▶ [Exercise goal] Reproduce each line of the material exactly, minus any picture.

▶ [Information shown]
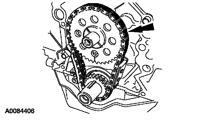 62. Remove the camshaft gear, the crankshaft gear and the timing chain as an assembly.
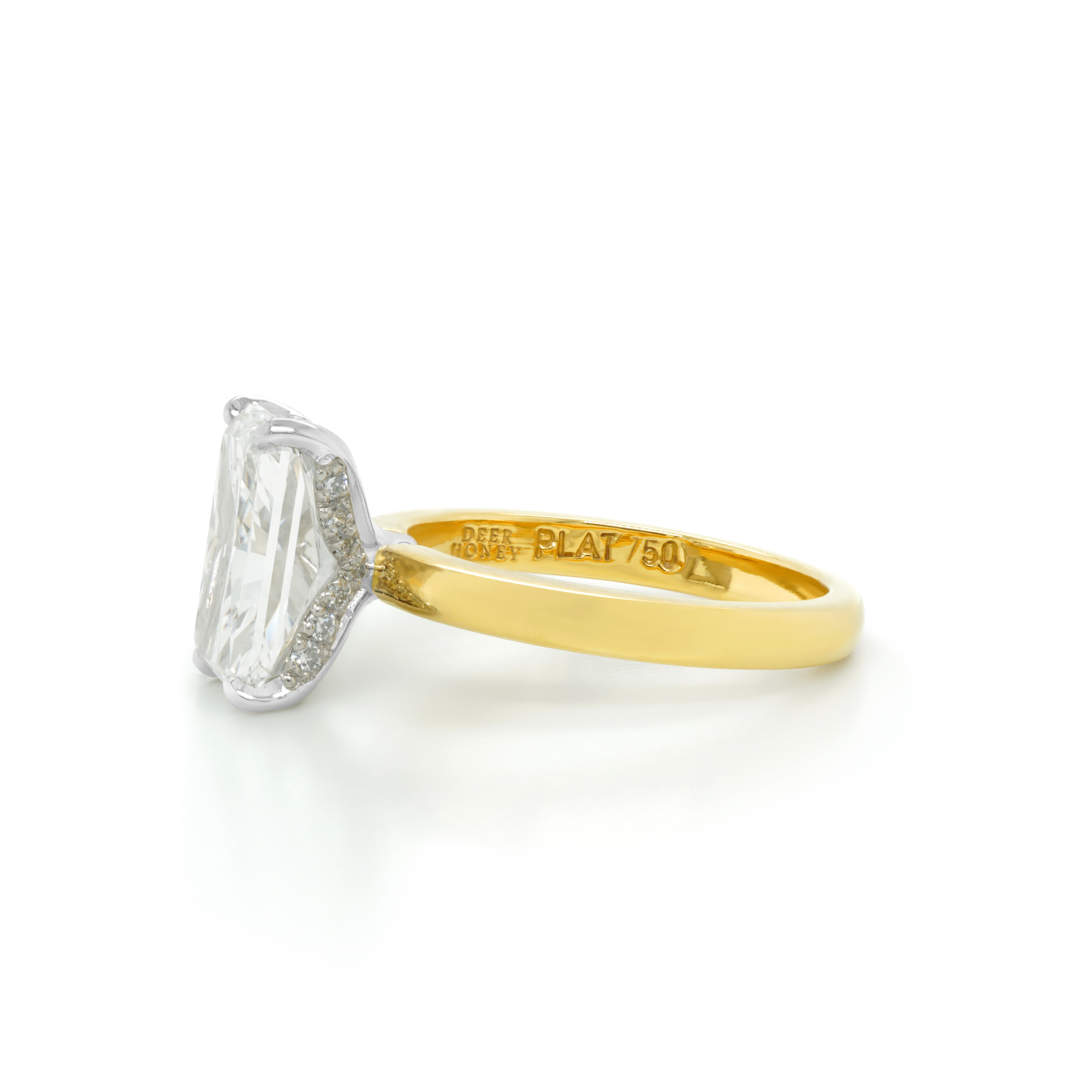A stunning 3.24 carat diamond in a Radiant cut is set in an elegant 18K yellow gold band. Platinum claws beautifully showcase and secure the centre stone, allowing its brilliance to take centre stage. Diamonds adorn the basket for an extra touch of elegance.
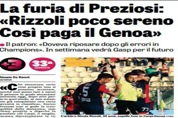 Gazzetta dello Sport: “La furia di Preziosi: «Rizzoli doveva riposare dopo errori in Champions. Così paga il Genoa»”
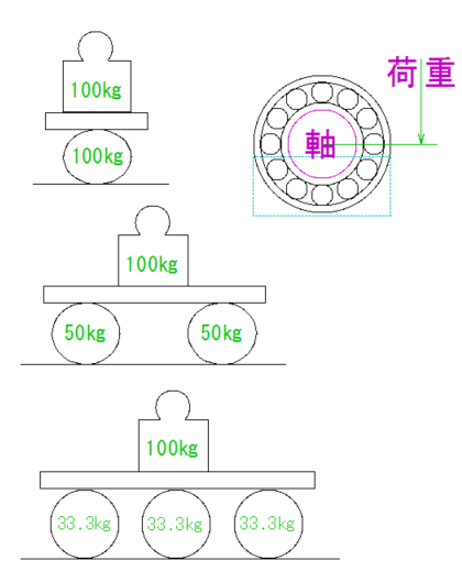 ② ベアリングは、荷重によりつぶされております。真球が転がりにおいて最良であれば、変形は転がりの敵となります。この敵を解消していくには、荷重を分散する必要があります。それは、ボールの数または硬度であります。

▶ [Output of the task]
 62. Remove the camshaft gear, the crankshaft gear and the timing chain as an assembly.
A stunning 3.24 carat diamond in a Radiant cut is set in an elegant 18K yellow gold band. Platinum claws beautifully showcase and secure the centre stone, allowing its brilliance to take centre stage. Diamonds adorn the basket for an extra touch of elegance.
 Gazzetta dello Sport: “La furia di Preziosi: «Rizzoli doveva riposare dopo errori in Champions. Così paga il Genoa»”
 ② ベアリングは、荷重によりつぶされております。真球が転がりにおいて最良であれば、変形は転がりの敵となります。この敵を解消していくには、荷重を分散する必要があります。それは、ボールの数または硬度であります。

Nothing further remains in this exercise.